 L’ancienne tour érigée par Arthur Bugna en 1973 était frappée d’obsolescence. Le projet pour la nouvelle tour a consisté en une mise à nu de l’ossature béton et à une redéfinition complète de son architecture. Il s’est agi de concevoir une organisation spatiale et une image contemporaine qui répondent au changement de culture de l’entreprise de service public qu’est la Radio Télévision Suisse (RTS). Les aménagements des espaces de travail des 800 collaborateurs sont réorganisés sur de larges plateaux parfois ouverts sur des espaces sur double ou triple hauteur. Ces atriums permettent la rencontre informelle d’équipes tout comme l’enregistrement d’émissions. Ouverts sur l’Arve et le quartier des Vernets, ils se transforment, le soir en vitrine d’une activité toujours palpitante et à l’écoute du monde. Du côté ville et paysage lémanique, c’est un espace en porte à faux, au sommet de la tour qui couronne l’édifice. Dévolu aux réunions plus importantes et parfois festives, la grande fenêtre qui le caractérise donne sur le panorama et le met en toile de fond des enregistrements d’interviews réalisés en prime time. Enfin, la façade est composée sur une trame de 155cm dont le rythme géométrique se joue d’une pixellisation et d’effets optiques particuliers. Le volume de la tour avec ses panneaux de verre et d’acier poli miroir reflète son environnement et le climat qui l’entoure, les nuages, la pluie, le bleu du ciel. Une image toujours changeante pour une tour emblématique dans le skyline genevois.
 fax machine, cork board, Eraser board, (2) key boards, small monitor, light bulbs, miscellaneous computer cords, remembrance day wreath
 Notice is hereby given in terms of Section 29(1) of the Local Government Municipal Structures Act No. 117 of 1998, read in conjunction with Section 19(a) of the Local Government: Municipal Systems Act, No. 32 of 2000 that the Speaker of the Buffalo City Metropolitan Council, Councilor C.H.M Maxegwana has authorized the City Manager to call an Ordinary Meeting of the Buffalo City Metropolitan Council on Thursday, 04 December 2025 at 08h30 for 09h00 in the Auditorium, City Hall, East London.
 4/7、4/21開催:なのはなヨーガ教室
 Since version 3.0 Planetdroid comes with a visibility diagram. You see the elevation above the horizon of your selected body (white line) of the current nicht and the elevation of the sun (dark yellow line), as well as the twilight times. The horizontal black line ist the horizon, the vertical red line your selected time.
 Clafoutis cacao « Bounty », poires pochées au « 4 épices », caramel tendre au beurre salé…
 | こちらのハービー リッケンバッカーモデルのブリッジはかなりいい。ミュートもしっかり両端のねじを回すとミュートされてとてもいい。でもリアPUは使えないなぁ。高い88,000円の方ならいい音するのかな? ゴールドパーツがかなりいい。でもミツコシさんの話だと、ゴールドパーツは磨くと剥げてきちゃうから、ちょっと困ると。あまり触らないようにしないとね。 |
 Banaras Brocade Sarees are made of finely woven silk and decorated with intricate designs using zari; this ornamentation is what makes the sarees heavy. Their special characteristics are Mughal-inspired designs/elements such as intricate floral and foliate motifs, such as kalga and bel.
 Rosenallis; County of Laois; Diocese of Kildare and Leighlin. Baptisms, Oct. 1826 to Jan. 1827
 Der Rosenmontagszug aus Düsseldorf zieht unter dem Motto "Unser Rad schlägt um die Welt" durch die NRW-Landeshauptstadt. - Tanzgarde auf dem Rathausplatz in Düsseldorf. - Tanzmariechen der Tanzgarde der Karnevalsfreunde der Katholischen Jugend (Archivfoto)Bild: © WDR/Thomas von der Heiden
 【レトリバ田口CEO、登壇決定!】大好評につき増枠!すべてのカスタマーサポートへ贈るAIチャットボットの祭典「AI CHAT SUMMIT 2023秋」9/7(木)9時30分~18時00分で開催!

= = = = = = =

-- About this task --
In the records above, find the line with "Since version 3.0"; write out exactly that line and each one after it, stopping after the line with "au beurre salé…".

-- Answer to this problem --
 Since version 3.0 Planetdroid comes with a visibility diagram. You see the elevation above the horizon of your selected body (white line) of the current nicht and the elevation of the sun (dark yellow line), as well as the twilight times. The horizontal black line ist the horizon, the vertical red line your selected time.
 Clafoutis cacao « Bounty », poires pochées au « 4 épices », caramel tendre au beurre salé…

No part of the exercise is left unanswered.